Professional basketball at that time was still in its
infancy. The Basketball Association of America folded,
and the Boston Celtics joined the newly created National
Basketball Association. The Celtics, in an ironic
twist, were coached by Julian during the 1949-50 NBA
season, finishing dead last in the Eastern Division with
a 22-46 record. But things were definitely on the
uptick: The moribund Celtics, by virtue of their
record, possessed the coveted first pick in the draft.
Owner Walter Brown also replaced Julian with hot
coaching prospect Arnold “Red” Auerbach, whose fiery
style seemed the perfect tonic for his struggling
franchise. The stars seemed magically aligned, and it
became almost a foregone conclusion – especially to
those covering the team -- that the lowly Celtics would
nab Cousy in the 1950 NBA Draft.
Auerbach had other ideas. He was hardly enamored with
the flashy point guard, instead placing a premium on
height. His goal was to build the Celtics from the
inside out, which led him to choose Chuck Share, a
6-foot-11 center from Bowling Green. "We need a big
man," Auerbach growled at the time, sounding almost
Napoleonic. "Little men are a dime a dozen. I'm
supposed to win, not go after local yokels."
The remarks did not sit well with the press, many of
whom considered Auerbach an outsider and Cousy one of
their own. They also saw Cousy as a way to fill the
Boston Garden and, more importantly, as a way to help
legitimize a sport that ranked far behind baseball and
hockey in terms of relevance.
Cousy was ultimately selected by the Tri-Cities
Blackhawks, but Bob Kerner, the team’s owner, was unable
to sign the reluctant All-American to a contract. Cousy
was more interested in starting a driving school in
Worcester. Kerner traded his rights to the Chicago
Stags, but that franchise folded before the 1950-51
season started. The names of three Stags -- Cousy and
two much sought-after players were tossed into a hat.
Gathered in the New York Commodore Hotel, the owners of
the Celtics, the New York Knicks and the Philadelphia
Warriors each pulled out a name. All three wanted the
league's leading scorer, Max Zaslofsky. The Celtics,
picking last, ended up with Cousy.
Cousy's arrival in Boston represented a paradigm shift
in the NBA. He revolutionized the pro game with his
ball-handling wizardry, bringing flash and showmanship
to a league that had been, up until then, largely the
domain of bruising post players and methodical
set-shooters. The NBA in 1949 B.C. -- Before Cousy --
had been struggling to survive, its teams owned by
hockey men who desperately needed to fill their arenas
through the winter months. Cousy changed all of that.

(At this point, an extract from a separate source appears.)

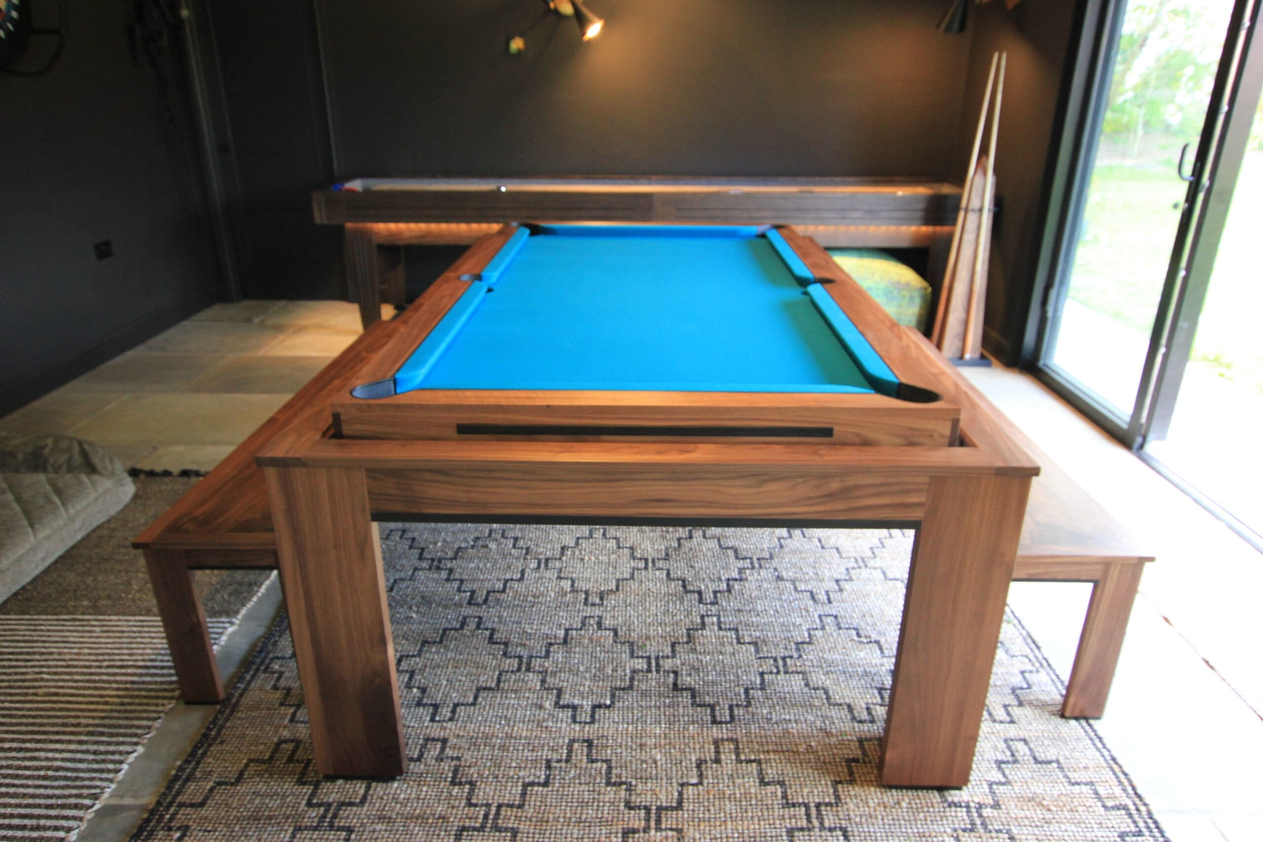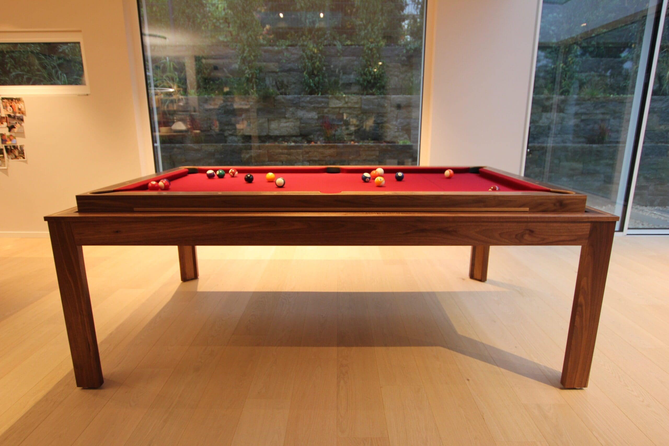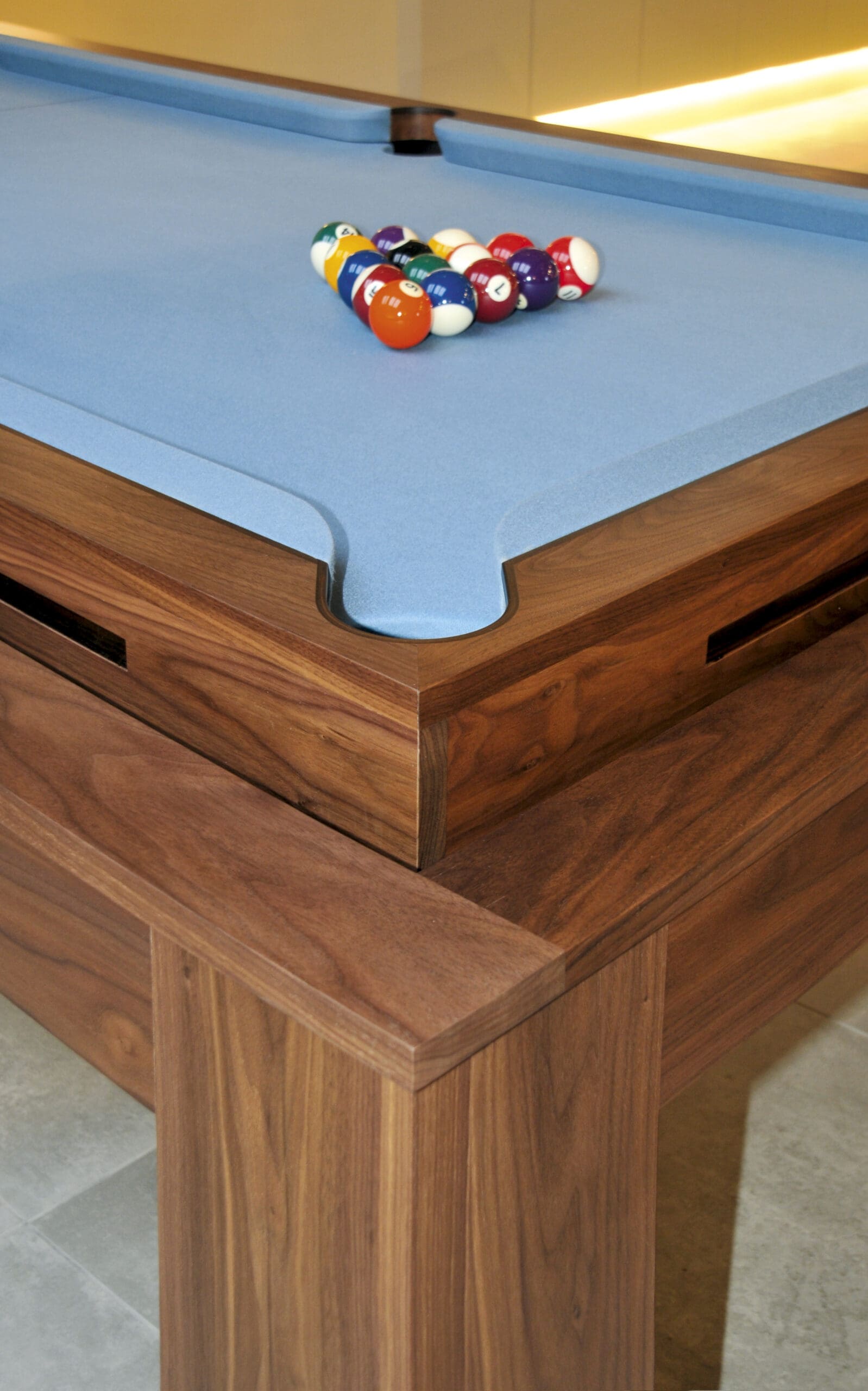 Wow your friends and unsuspecting dinner guests by revealing the hidden transformation of the dining table to a spectacular pool table. Pool and dining heights are often compromised in other tables, but our Rollovers have been designed to not only accommodate standard chairs but to deliver a standard dining height and the official pool playing height.

He electrified audiences. He made people care about the
game. He legitimized the sport. Simply put, Robert
Joseph Cousy was the equivalent of color television in
a league overstocked with black-and-whites, and the
world ate it up.
Behind the electrifying play of Cousy and the soft
touch of “Easy” Ed Macauley, who had been picked up by
the defunct St. Louis Bombers, Auerbach engineered the
Celtics’ first-ever winning season in 1950-51, at
39-30. The best was yet to come; over the next several
seasons Auerbach complemented Cousy with such Hall of
Fame talent as Bill Sharman (1951), Frank Ramsey (1954)
and Tom Heinsohn (1956). The biggest move of all came
prior to the 1956-57 season, when Auerbach traded
Macauley and the rights to UK star Cliff Hagan for the
right to draft Bill Russell. Together, Russell and
Cousy provided a one-two punch unparalleled in NBA
history.
The Celtics won the NBA championship, and a dynasty was
born.
“Cooz was the absolute offensive master," Heinsohn told
the Boston Herald in 1983. "What Russell was on
defense, that's what Cousy was on offense -- a
magician. Once that ball reached his hands, the rest of
us just took off, never bothering to look back. We
didn't have to. He'd find us. When you got into a
position to score, the ball would be there.”